# Work order
When you reach the line in the listing below that contains "A beautiful hand", begin returning lines exactly as written, and stop after the line that contains "한국 스타일 새로운 불멸의". Return no other lines.

-- Opening Marker --

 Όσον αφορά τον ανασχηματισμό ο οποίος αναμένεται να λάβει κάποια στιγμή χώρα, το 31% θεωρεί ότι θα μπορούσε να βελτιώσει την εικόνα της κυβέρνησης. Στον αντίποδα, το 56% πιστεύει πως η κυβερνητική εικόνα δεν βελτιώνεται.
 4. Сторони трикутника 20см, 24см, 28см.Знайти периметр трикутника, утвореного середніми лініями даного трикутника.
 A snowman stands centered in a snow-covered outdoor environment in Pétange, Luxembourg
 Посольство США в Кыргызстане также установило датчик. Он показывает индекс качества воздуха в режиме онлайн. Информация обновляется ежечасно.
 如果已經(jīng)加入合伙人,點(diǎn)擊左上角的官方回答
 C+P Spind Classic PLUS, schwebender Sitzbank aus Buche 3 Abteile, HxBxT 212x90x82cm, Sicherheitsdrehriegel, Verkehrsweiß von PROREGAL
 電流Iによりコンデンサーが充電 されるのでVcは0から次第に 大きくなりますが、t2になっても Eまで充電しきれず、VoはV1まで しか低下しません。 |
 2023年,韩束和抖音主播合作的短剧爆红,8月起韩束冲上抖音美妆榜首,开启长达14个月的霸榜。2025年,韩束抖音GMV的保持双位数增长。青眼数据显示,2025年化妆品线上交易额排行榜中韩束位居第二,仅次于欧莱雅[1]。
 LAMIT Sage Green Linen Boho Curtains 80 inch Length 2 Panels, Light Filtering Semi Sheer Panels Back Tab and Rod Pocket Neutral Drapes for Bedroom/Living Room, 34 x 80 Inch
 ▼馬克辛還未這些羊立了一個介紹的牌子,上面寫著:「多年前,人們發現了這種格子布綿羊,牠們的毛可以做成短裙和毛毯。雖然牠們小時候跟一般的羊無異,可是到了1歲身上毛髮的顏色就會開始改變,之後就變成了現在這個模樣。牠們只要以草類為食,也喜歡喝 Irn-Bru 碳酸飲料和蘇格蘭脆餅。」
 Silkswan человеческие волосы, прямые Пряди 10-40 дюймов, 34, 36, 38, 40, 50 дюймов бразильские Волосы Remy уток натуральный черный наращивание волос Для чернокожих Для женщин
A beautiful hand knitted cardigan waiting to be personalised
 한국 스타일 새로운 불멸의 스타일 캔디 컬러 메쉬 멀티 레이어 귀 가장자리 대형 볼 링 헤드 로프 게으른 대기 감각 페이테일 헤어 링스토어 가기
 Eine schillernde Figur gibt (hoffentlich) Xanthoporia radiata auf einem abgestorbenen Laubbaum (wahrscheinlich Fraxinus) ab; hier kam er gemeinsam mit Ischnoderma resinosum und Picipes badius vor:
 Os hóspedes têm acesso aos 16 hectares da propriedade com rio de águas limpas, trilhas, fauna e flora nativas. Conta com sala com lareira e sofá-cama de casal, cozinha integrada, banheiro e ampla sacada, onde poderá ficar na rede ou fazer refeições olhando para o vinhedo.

-- Closing Marker --

# Response below
A beautiful hand knitted cardigan waiting to be personalised
 한국 스타일 새로운 불멸의 스타일 캔디 컬러 메쉬 멀티 레이어 귀 가장자리 대형 볼 링 헤드 로프 게으른 대기 감각 페이테일 헤어 링스토어 가기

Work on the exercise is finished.